When those results came back, the world seemed to collapse; a death sentence called “Zellweger’s Syndrome” was spoken.
Confronted with their son’s death, Dennis and Kristy faced their words “There is no hope; nothing can be done; the only option is to go home and try to enjoy the time together with Anthony; be aware that he will die within six to twelve months.” That is probably the most terrible thing a parent can be told.
However, instead of collapsing, Anthony’s parents began an intense 24-hour day and night internet search, looking for any information which may help to change the prognosis.
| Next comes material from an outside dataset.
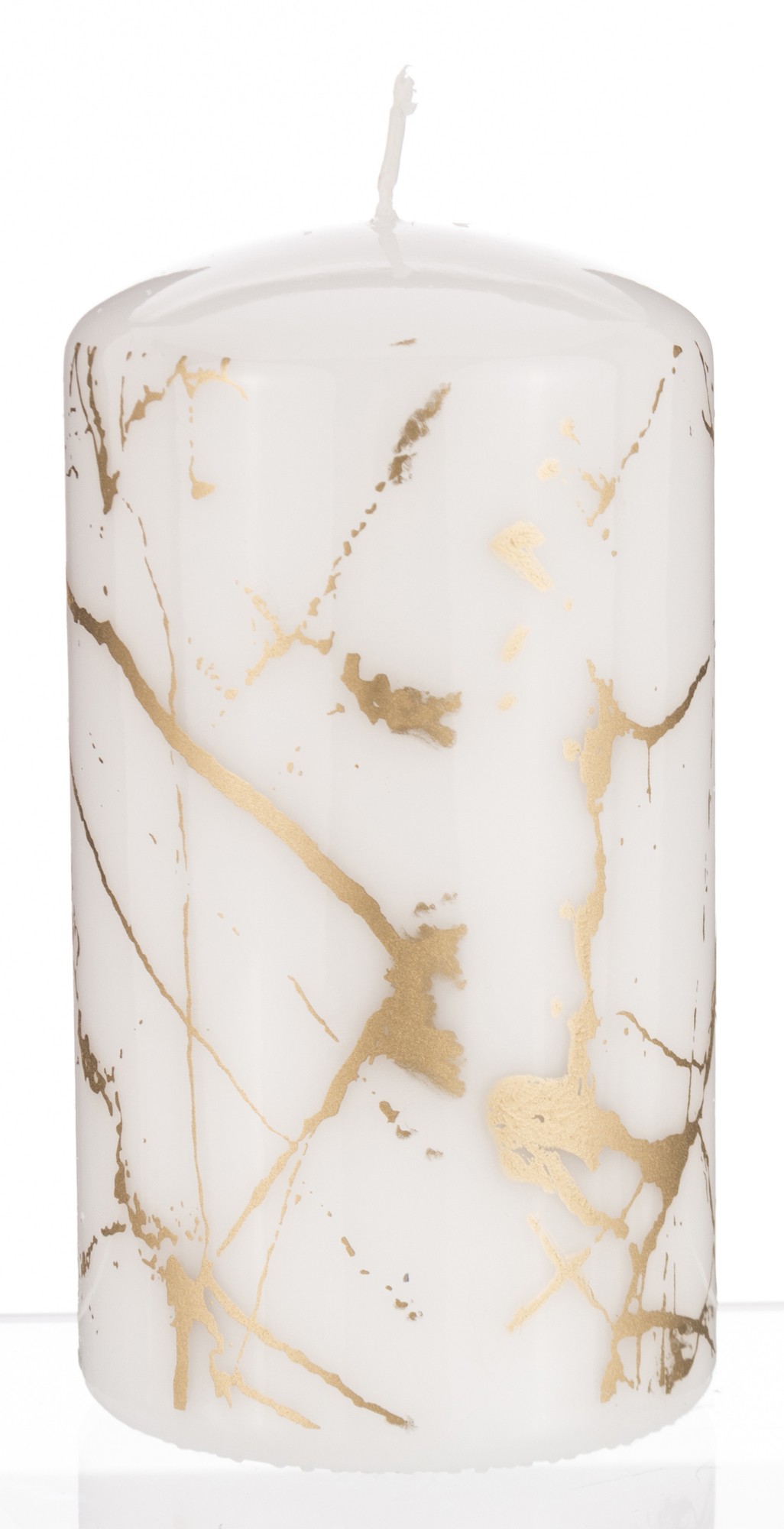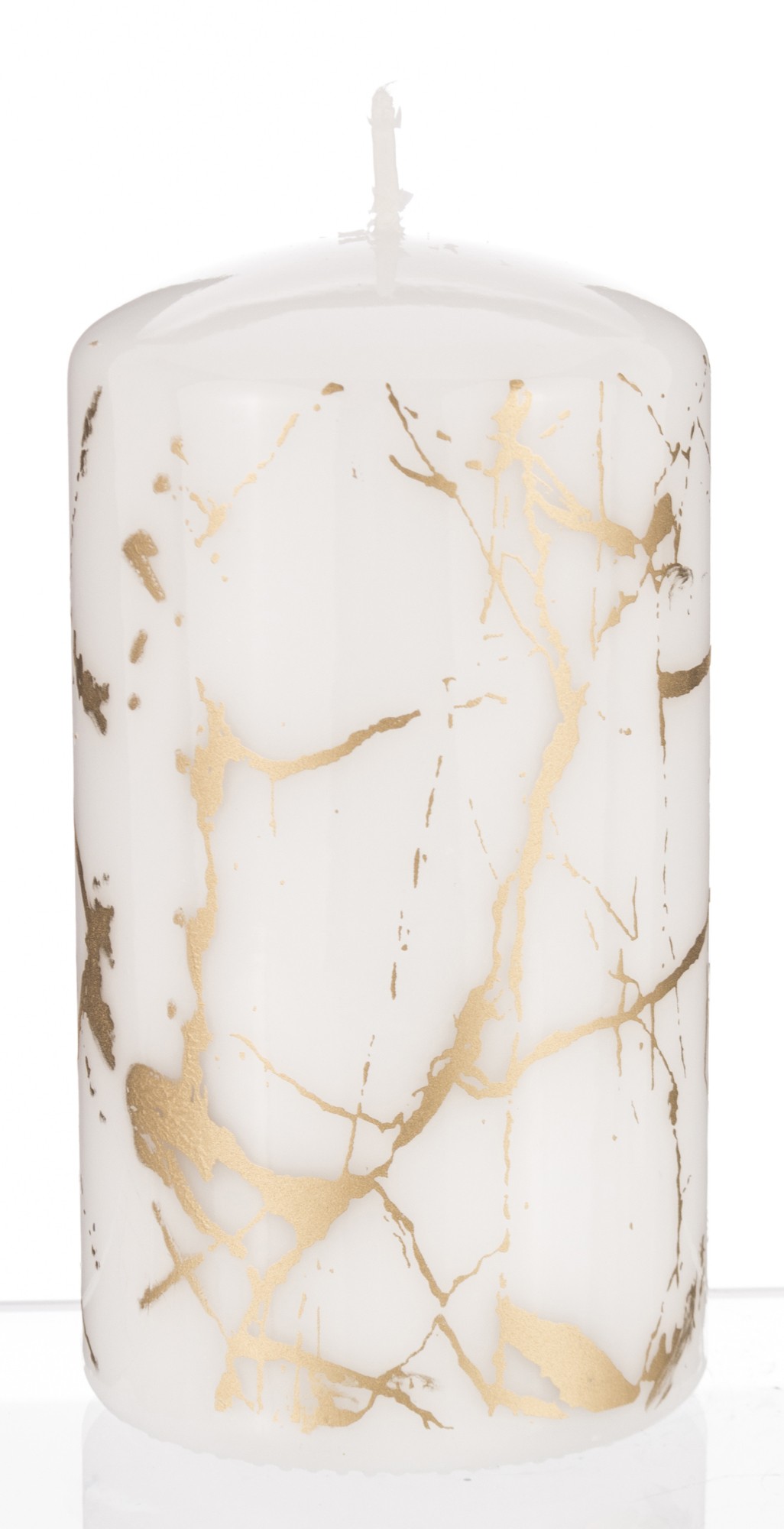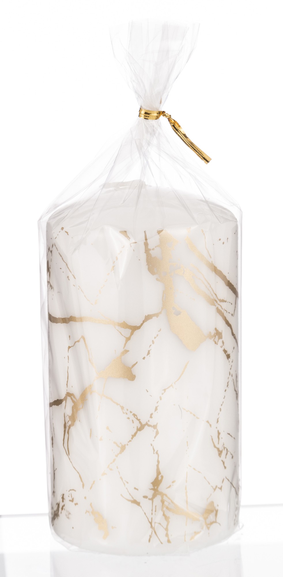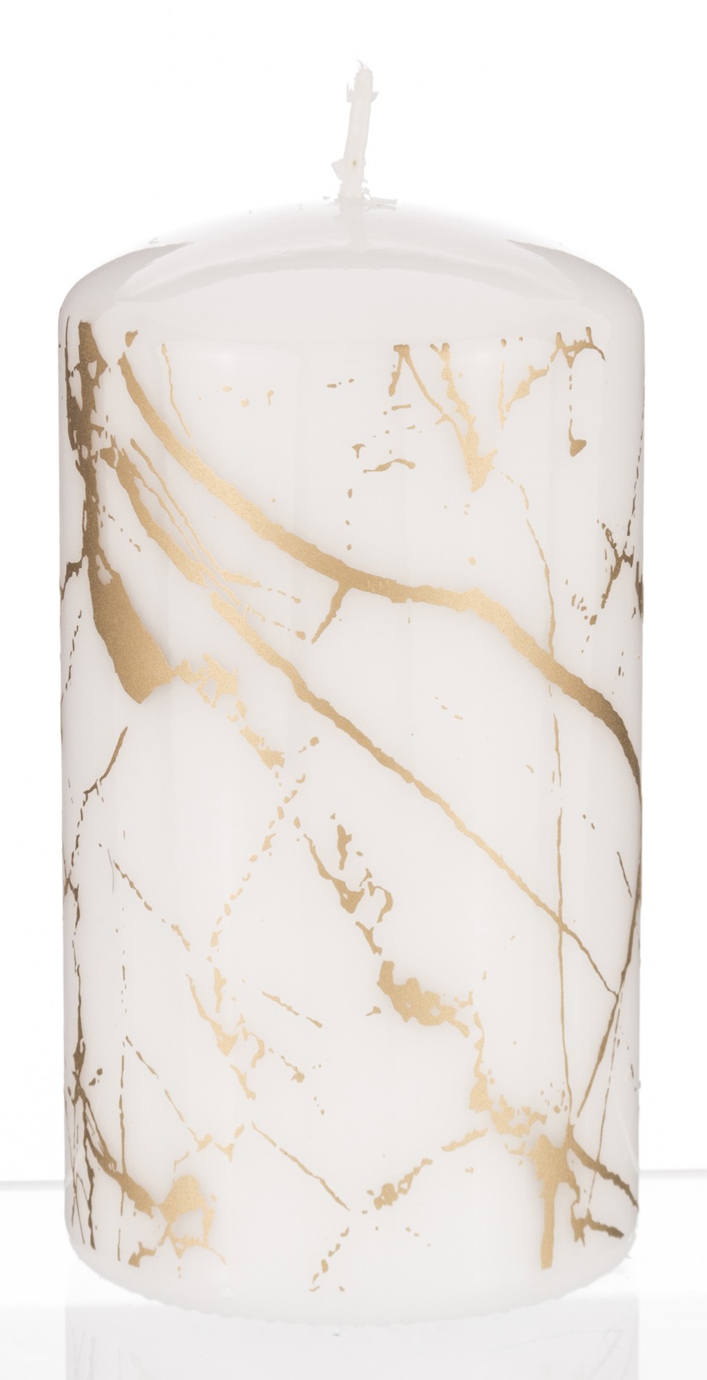 Świeca marmur biało-złota średnia to wyjątkowa ozdoba, która wkomponowuje w Twoje wnętrze elegancję i nowoczesność. Ta średniej wielkości świeca o wysokości 15 cm łączy delikatny kolor biały z efektem marmuru w złotych dodatkach. Została starannie wykonana z trwałej parafiny, co nie tylko zapewnia jej trwałość, ale także gwarantuje długi czas palenia wynoszący średnio 75 godzin. Dzięki swojemu wyjątkowemu wzornictwu, ta świeca doskonale pasuje do różnych stylów wnętrz i pomaga podkreślić nowoczesny charakter. Możesz ją umieścić w eleganckim świeczniku, postawić w lampionie lub na ozdobnej tacy, gdzie jej modny szablon marmuru staje się centralnym punktem dekoracji.

Among hundreds of papers, there was one very helpful finding: the papers of Dra. Mannuela Martinez and her work with ZS spectrum children treated with DHE-EE. Most of the doctors at the local hospital honestly didn’t want to know or hear too much about Dra. Martinez or DHA-EE, since Dra. Martinez ran no double-blind clinical trial using DHA-EE for the known DHA deficiency in Zellweger’s Syndrome. “Lack of scientific evidence” seemed reason enough for doctors to not follow the information and her instructions. [Dra. Martinez considered it unethical to deprive a DHA deficient child of what he needed to live.]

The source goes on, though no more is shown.